A former student of both Paul Badura-Skoda and Rudolf Firkusny, Serbian pianist Nataša Veljkoviċ is now a little past her half-century, yet this is playing shot through with youthful vigour and freshness, easily switching between virtuoso display (if ever a Concerto underlined the need to have absolute mastery over scalework, this is it), grandstanding gesture and pathos. She has, on disc at least, established something of a reputation for opening the public’s ears to overlooked and largely unremarked concertos by forgotten composers of the 19th century, and her advocacy of what we might describe as this unchallenged repertory is clearly inspired by a belief that such music is fully deserving of a public airing.
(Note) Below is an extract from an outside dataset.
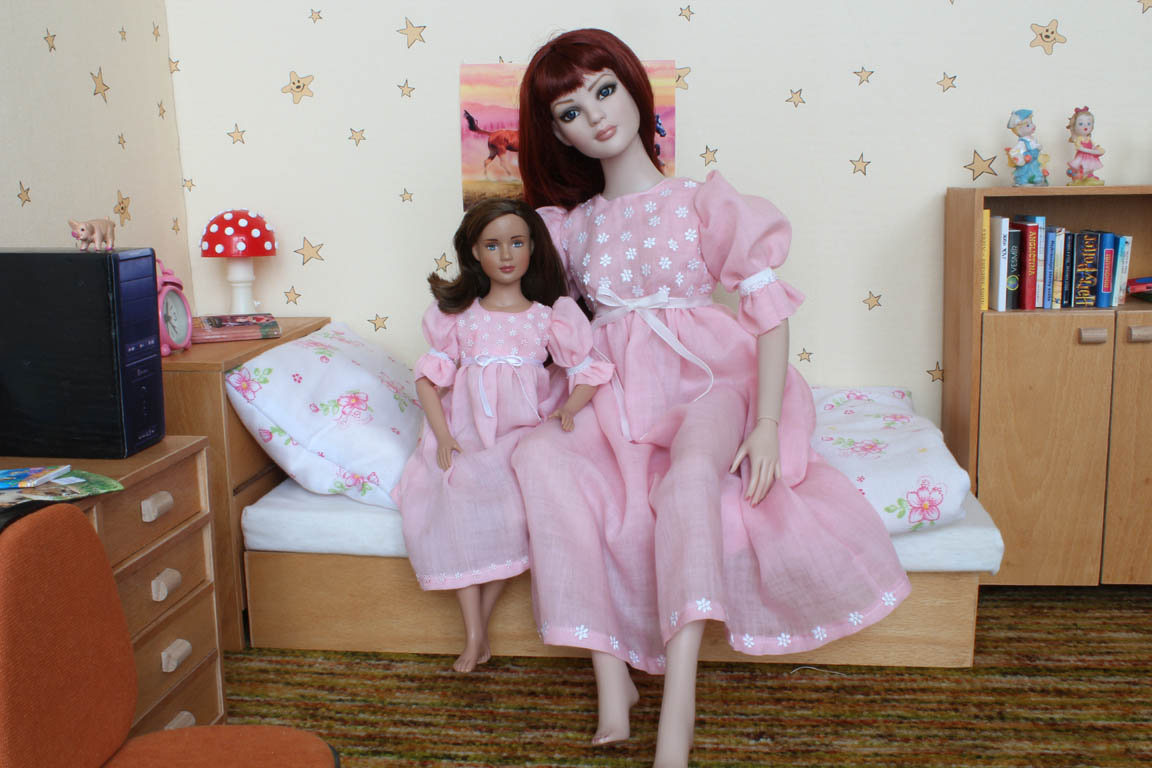 Šití bylo docela zábavné hlavně proto, že jsme obě šily stejnou věc ze stejného

She does not try to “sell” this Boieldieu Concerto by any extravagant gesture, but allows it to exude its special qualities of grace and charm in happy partnership with Griffiths and his orchestral players. With the first movement cadenza she is positively frisky as she skips freely over a plethora of ideas not all of which seem entirely convincing but provide on this recording a brilliant exposé of gifted pianism.

The second movement comprises a set of variations on the delightfully naïve melody so eloquently given out at the start. In all the variations, it is the piano which dominates (the second, for example, presents a tireless tirade of right hand scales delivered here with amazing insouciance), and with Veljkoviċ in gloriously fluent vein and Griffiths providing gentle, often imperceptible, but always sympathetic support, in addition to a delightful piece of music, we have some truly enchanting music-making.